Twitter and Facebook Unite To Oppose Trump's Plan For Muslim Database

Representatives from 640 US technical firms have signed a pledge expressing solidarity with American Muslims while Twitter has explicitly ruled out helping Donald Trump with a plan to create a database registering all Muslims. Reuters

Representatives from Twitter, Microsoft and Google have signed a pledge refusing to aid a Donald Trump proposal to create a database of Muslims in the US.

Asked about the idea a year ago on the campaign trail, Trump said in an interview with NBC News: "Oh, I would certainly implement that — absolutely."

But by Wednesday afternoon more than 640 individuals from technical firms agreed to the pledge "choosing to stand in solidarity with Muslim Americans, immigrants, and all people whose lives and livelihoods are threatened by the incoming administration's proposed data collection policies".

Those signing the pledge promised, among other things, to: refuse to participate in the creation of databases that would allow the government to target individuals based on race, religion or national origin; advocate within their organisations to minimise data collection that would facilitate ethnic or religious targeting; responsibly destroy high-risk data sets and backups, and resign from their organisation if ordered to build such a database.

In recent weeks, the President-elect's team has backtracked on his earlier statements, saying that he had never advocated for "any registry or system that tracks individuals based on their religion".

However, Trump's website is still calling for a "total and complete shut-down of Muslims entering the United States". Such a database could be needed to implement that policy.

The only high-profile tech firm to have spoken out explicitly against working with the government to surveil its users is Twitter, with its general manager of data and solutions writing on November 22: "We prohibit developers... from allowing law enforcement — or any other entity — to use Twitter data for surveillance purposes.

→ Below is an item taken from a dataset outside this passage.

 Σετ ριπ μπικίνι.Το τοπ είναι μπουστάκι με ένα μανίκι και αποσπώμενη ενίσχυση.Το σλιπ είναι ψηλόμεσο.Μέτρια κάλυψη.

Period."

Facebook, which initially declined to comment, issued a statement yesterday saying it had not been asked to build a Muslim register "and of course we would not do so".

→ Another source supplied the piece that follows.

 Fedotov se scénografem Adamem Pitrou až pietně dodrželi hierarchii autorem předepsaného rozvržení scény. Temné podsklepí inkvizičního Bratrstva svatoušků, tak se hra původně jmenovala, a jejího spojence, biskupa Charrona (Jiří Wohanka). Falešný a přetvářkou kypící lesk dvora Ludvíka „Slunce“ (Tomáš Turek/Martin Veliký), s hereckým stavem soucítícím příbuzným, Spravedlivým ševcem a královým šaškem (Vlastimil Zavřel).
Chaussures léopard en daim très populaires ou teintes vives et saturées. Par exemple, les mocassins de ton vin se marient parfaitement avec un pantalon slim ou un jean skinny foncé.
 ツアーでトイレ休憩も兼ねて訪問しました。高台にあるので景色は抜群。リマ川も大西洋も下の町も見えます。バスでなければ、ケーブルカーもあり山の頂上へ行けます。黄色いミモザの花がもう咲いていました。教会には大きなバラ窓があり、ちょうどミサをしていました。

While civil libertarians praised Twitter for its position, the organisation was notably absent from a technology summit held by Trump in New York yesterday. Executives present at the meeting included Facebook's Sheryl Sandberg, Alphabet's Larry Page, Tesla's Elon Musk and Microsoft's Satya Nadello.

"I believe the indirect effects of this pledge may be even more powerful than the direct effects," Valerie Aurora, a programmer who signed the pledge, wrote in a blog post on her website. "In my experience, tech company executives will pay close attention to any cause powerful enough to get tech workers to pledge solidarity with each other and with the most vulnerable in society."